Create config files

cat << 'EOF' >  config.yaml
---
version: "0.7"
assignments:
    GSE293036Assignment:
        bc_length: 20
        BC_rev_comp: false
        linker: TCTAGAGGTTCGTCGACGCGATCGCAGGAGCCGCAGTG
        alignment_tool:
            split_number: 16
            tool: bbmap
            configs:
                min_mapping_quality: 30
        design_check:
            sequence_start: 1
            sequence_length: 200
        FWD:
            - data/SRR32870551_Barcode_1.fastq.gz
        REV:
            - data/SRR32870551_Barcode_2.fastq.gz
        design_file: data/design.fa.gz
        configs:
            default: {}
experiments:
    GSE293036Experiment:
        bc_length: 20
        split_number: 16
        data_folder: data
        experiment_file: experiments.csv
        assignments:
            GSE293036Assignment:
                type: config
                assignment_name: GSE293036Assignment
                assignment_config: default
        configs:
            default:
                filter:
                    bc_threshold: 30
EOF

Create the experiments.csv file to map DNA/RNA counts to replicates. The control samples serve as gDNA input (DNA_BC_F) for all conditions.

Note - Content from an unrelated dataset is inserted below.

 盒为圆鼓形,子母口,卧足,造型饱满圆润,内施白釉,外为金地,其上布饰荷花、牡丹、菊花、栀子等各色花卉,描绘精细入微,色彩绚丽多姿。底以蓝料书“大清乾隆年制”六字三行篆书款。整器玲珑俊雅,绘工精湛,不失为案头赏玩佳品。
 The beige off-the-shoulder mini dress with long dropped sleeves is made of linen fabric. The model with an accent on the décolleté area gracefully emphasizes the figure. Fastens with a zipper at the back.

cat << 'EOF' >  experiments.csv
Condition,Replicate,DNA_BC_F,RNA_BC_F
GM12878,3,SRR32870548_Control.fastq.gz,SRR32870536_GM12878.fastq.gz
GM12878,2,SRR32870549_Control.fastq.gz,SRR32870540_GM12878.fastq.gz
EOF

Run snakemake

Now we are ready to run MPRAsnakeflow. We run this example on one node with 60 GB memory and 16 cores.

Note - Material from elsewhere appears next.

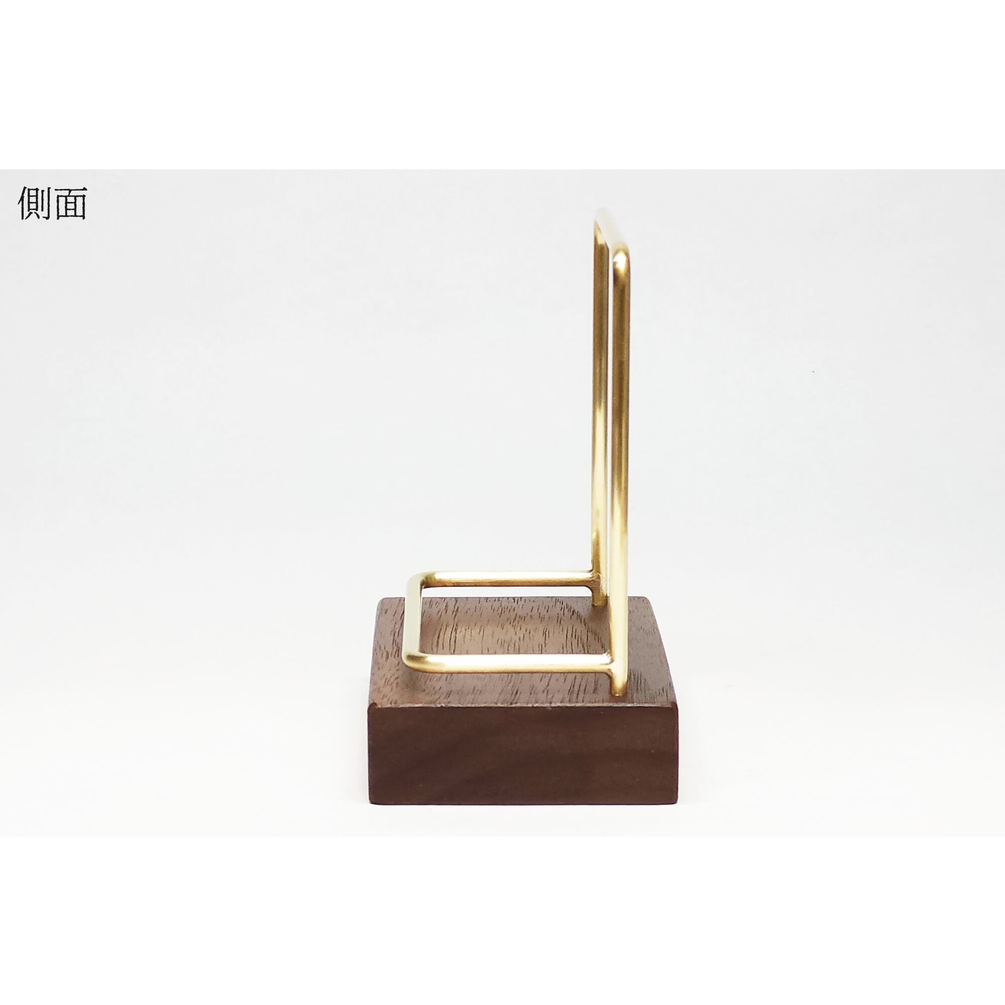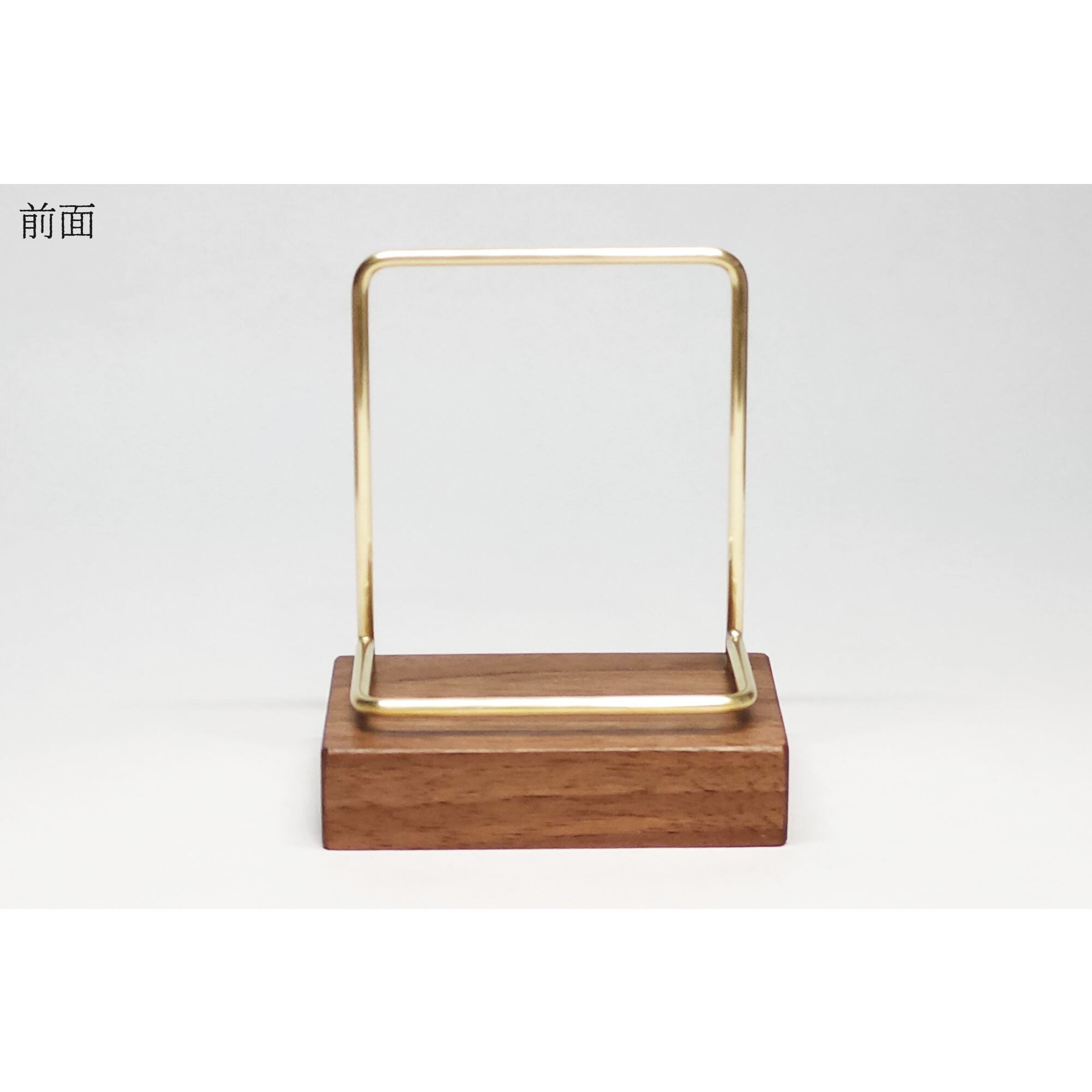 真鍮とウォールナットのカードスタンド(Fタイプ 彫金 縦置き) No66
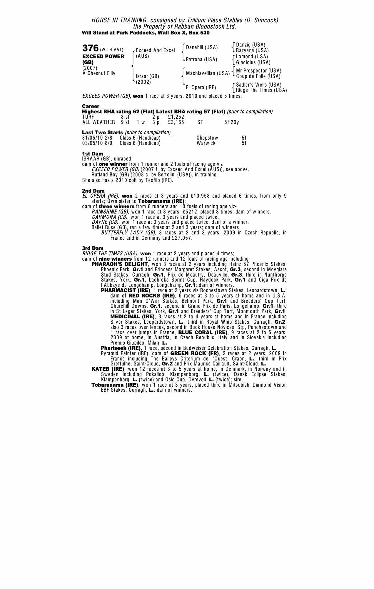 October Yearling Sale, Book 3 2008 lot 1741 F. 2007, Hillwood Stud=>David Simcock 23,000 gns

We run the pipeline directly in the working folder. The MPRAsnakeflow workflow can be located in a different directory. Here we assume /work/${USER}/MPRAsnakeflow.

First, do a dry run with snakemake using -n:

conda activate mprasnakeflow
snakemake -c 1 --sdm apptainer conda --snakefile /home/user/MPRAsnakeflow/workflow/Snakefile --configfile config.yaml -n --quiet rules

If the dry run finishes without errors, run the workflow. We use a machine with 16 threads/cores and 60 GB memory. Therefore, split_number is set to 16 for parallelization. We also use 8 threads for mapping (bbmap), and snakemake ensures that no more than 16 threads are used in total.

snakemake -c 16 --sdm apptainer conda --snakefile /home/user/MPRAsnakeflow/workflow/Snakefile --configfile config.yaml -q --set-threads assignment_mapping_bbmap=8 --resources mem_mb=60000

Note

Please adapt your setup when running in a cluster environment. An example SLURM profile is available in MPRAsnakeflow under profiles/default/config.yaml. You can use it with snakemake via --workflow-profile $PIPELINE/profiles/default, but adjust it first, especially the slurm_partition setting.

Results

For assignment, all output files are written to results/assignment/GSE293036Assignment. The final assignment file is results/assignment/GSE293036Assignment/assignment_barcodes.default.tsv.gz. You should also inspect the QC report: results/assignment/GSE293036Assignment/qc_report.default_GSE293036.html.

An example assignment QC report is available here: Example assignment QC report.

For experiments, all output files are written to results/experiments/GSE293036Experiment.

Final count file:

results/experiments/GSE293036Experiment/reporter_experiment.barcode.GM12878.GSE293036Assignment.default.all.tsv.gz

You should also inspect the QC report: results/experiments/GSE293036Experiment/qc_report.GM12878.GSE293036Assignment.default.html.

An example QC report is available here: GM12878 QC report.